I’m a professor of machine learning. Machine learning is the main technique at the heart of the current revolution in artificial intelligence. A major aim of our field is to develop algorithms that better understand data: that can reveal the underlying intent or state of health behind the information flow. Already machine learning techniques are used to recognise faces or make recommendations, as we develop better algorithms that better aggregate data, our understanding of the individual also improves.

What do we lose by revealing so much of ourselves? How are we exposed when so much of our digital soul is laid bare? Have we engaged in a Faustian pact with the internet giants? Similar to Faust, we might agree to the pact in moments of levity, or despair, perhaps weakened by poor health. My father died last year, but there are still echoes of him on line. Through his account on Facebook I can be reminded of his birthday or told of common friends. Our digital souls may not be immortal, but they certainly outlive us. What we choose to share also affects our family: my wife and I may be happy to share information about our genetics, perhaps for altruistic reasons, or just out of curiosity. But by doing so we are also sharing information about our children’s genomes. Using a supermarket loyalty card gains us discounts on our weekly shop, but also gives the supermarket detailed information about our family diet. In this way we’d expose both the nature and nurture of our children’s upbringing. Will our decisions to make this information available haunt our children in the future? Are we equipped to understand the trade offs we make by this sharing?

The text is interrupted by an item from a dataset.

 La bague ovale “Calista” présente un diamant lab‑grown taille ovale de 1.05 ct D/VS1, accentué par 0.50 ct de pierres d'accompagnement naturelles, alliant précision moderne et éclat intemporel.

There have been calls from Elon Musk, Stephen Hawking and others to regulate artificial intelligence research. They cite fears about autonomous and sentient artificial intelligence that  could self replicate beyond our control. Most of my colleagues believe that such breakthroughs are beyond the horizon of current research. Sentient intelligence is  still not at all well understood. As Ryan Adams, a friend and colleague based at Harvard tweeted:

Personally, I worry less about the machines, and more about the humans with enhanced powers of data access. After all, most of our historic problems seem to have come from humans wielding too much power, either individually or through institutions of government or business. Whilst sentient AI does seem beyond our horizons, one aspect of it is closer to our grasp. An aspect of sentient intelligence is ‘knowing yourself’, predicting your own behaviour. It does seem to me plausible that through accumulation of data computers may start to ‘know us’ even better than we know ourselves. I think that one concern of Musk and Hawking is that the computers would act autonomously on this knowledge. My more immediate concern is that our fellow humans, through the modern equivalents of the bank of St George, will be exploiting this knowledge leading to a form of data-oligarchy. And in the manner of oligarchies, the power will be in the hands of very few but wielded to the effect of many.

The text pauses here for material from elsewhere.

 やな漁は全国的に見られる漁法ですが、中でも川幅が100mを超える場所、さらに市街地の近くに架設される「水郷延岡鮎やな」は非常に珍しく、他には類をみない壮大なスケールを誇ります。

How do we control for all this? Firstly, we need to consider how to regulate the storage of data. We need better models of data-ownership. There was no question that Columbus was the owner of the money in his accounts. He gave it under license, and he could withdraw it at his pleasure. For the data repositories we interact with we have no right of deletion. We can withdraw from the relationship, and in Europe data protection legislation gives us the right to examine what is stored about us. But we don’t have any right of removal. We cannot withdraw access to our historic data if we become concerned about the way it might be used. Secondly, we need to increase transparency. If an algorithm makes a recommendation for us, can we known on what information in our historic data that prediction was based? In other words, can we know how it arrived at that prediction? The first challenge is a legislative one, the second is both technical and social. It involves increasing people’s understanding of how data is processed and what the capabilities and limitations of our algorithms are.

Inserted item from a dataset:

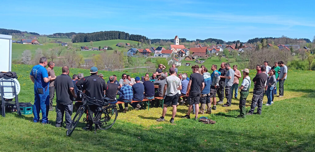 Am Samstag (19.4.) war das große Aufräumen angesagt. Nach getaner Arbeit hockten die Schaffer noch zusammen. Es sei länger gegangen, heißt es. Nach der großen Anspannung habe man einfach ausschnaufen müssen. Auch das ein echtes Gemeinschaftserlebnis. Im Hintergrund sieht man das kleine Pfarrdorf Engerazhofen, das so Großes geleistet hat. Fotos: Karin Raufeisen
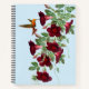 Un colibri aux couleurs vives sirote le nectar d'une fleur de Mandevillea rouge vif sur ce Carnet spiral.

There are opportunities and risks with the accumulation of data, just as there were (and still are) for the accumulation of capital. I think there are many open questions, and we should be wary of anyone who claims to have all the answers. However, two directions seem clear: we need to both increase the power of the people; we need to develop their understanding of the processes. It is likely to be a fraught process, but we need to form a data-democracy: data governance for the people by the people and with the people’s consent.

Neil Lawrence is a Professor of Machine Learning at the University of Sheffield. He is an advocate of “Open Data Science” and an advisor to a London based startup, CitizenMe, that aims to allow users to “reclaim their digital soul”.

Blogs on the NIPS Experiment

There are now quite a few blog posts on the NIPS experiment, I just wanted to put a place together where I could link to them all. It’s a great set of posts from community mainstays, newcomers and those outside our research fields.

Just as a reminder, Corinna and I were extremely open about the entire review process, with a series of posts about how we engaging the reviewers and processing the data. All that background can be found through a separate post here.

At the time of writing there is also still quite a lot of twitter traffic on the experiment.

List of Blog Posts

What an exciting series of posts and perspectives!
For those of you that couldn’t make the conference, here’s what it looked like.
And that’s just one of 5 or six poster rows!

NIPS Reviewer Recruitment and ‘Experience’

Triggered by a question from Christoph Lampert as a comment on a previous blog post on reviewer allocation, I thought I’d post about how we did reviewer recruitment, and what the profile of reviewer ‘experience’ is, as defined by their NIPS track record.

I wrote this blog post, but it ended up being quite detailed, so Corinna suggested I put the summary of reviewer recruitment first, which makes a lot of sense. If you are interested in the details of our reviewer recruitment, please read on to the section below ‘Experience of the Reviewing Body’.

Questions

As a summary, I’ve imagined two questions and given answers below:

  1. I’m an Area Chair for NIPS, how did I come to be invited?
    You were personally known to one of the Program Chairs as an expert in your domain who had good judgement about the type and quality of papers we are looking to publish at NIPS. You have a strong publication track record in your domain. You were known to be reliable and responsive. You may have a track record of workshop organization in your domain and/or experience in area chairing previously at NIPS or other conferences. Through these activities you have shown community leadership.
  2. I’m a reviewer for NIPS, how did I come to be invited?
    You could have been invited for one of several reasons:

    • you were a reviewer for NIPS in 2013
    • you were a reviewer for AISTATS in 2012
    • you were personally recommended by an Area Chair or a Program Chair
    • you have been on a Program Committee (i.e. you were an Area Chair) at a leading international conference in recent years (specifically NIPS since 2000, ICML since 2008, AISTATS since 2011).
    • you have published 2 or more papers at NIPS since 2007
    • you published at NIPS in either 2012 or 2013 and your publication track record was personally reviewed and approved by one of the Program Chairs.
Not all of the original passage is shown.